硬いベッドの感触と低い天井、右側をふさぐ薄いカーテン。 見慣れぬ調度をひととおり眺め、シャーリーはようやく、ここが夜行列車のベッドのなかだということを思い出しました。
そして、違和感に気づきました。
ずっと感じていた一定間隔の振動が、止まっているのです。
いまが何時なのか見当はつきませんでしたけれど、夜中なのは間違いがないでしょう。
列車はぴくりとも動かず、人の気配も感じられません。
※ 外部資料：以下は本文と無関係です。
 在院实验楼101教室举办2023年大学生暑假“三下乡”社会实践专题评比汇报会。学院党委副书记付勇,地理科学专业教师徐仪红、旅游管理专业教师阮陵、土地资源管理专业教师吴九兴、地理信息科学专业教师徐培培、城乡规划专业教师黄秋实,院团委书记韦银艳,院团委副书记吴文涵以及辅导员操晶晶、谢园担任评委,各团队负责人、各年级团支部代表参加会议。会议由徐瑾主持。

駅では楽しそうな顔をした人たちが大勢乗り込むのを見たのですが、みんないなくなってしまったのでしょうか。
(そんなわけ、ないよね)
なぜ停車しているのかわかりませんが、シャーリーには関係のないことです。彼女は毛布を肩まで引っ張り上げ、目を閉じました。
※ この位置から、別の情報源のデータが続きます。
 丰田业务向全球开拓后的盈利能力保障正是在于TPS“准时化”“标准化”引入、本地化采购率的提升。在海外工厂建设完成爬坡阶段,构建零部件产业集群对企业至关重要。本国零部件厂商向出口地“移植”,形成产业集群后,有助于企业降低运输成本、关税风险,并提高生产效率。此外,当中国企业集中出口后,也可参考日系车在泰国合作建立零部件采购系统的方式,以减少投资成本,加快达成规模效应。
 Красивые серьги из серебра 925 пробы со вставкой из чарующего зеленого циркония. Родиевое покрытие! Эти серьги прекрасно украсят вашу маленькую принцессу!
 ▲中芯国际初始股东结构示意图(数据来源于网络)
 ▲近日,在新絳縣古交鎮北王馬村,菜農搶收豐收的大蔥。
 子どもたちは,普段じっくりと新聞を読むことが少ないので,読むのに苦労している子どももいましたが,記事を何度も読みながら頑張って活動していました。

しかし、眠りはシャーリーから去ってしまったようでした。
何度も寝返りを打ちました。十二月も後半、列車が走り出すときには雪がちらついていましたが、車内は暖房が効いているし、自分の体温で毛布も温まっています。それでも眠気は訪れません。
シャーリーは、二段ベッドの下の段にいるはずのおばさんの気配を探しました。
耳を澄ましていると、静かな寝息が聞こえてきました。きっとぐっすり眠っているのでしょう。
おばさんといっても、半日前に初めて会った人です。
お母さんの妹だというその人は、三十歳にはなっていないように見えました。髪を無造作に後ろでくくり、ジーンズに黒いセーターを着て、男子学生みたいなダッフルコートを羽織っていました。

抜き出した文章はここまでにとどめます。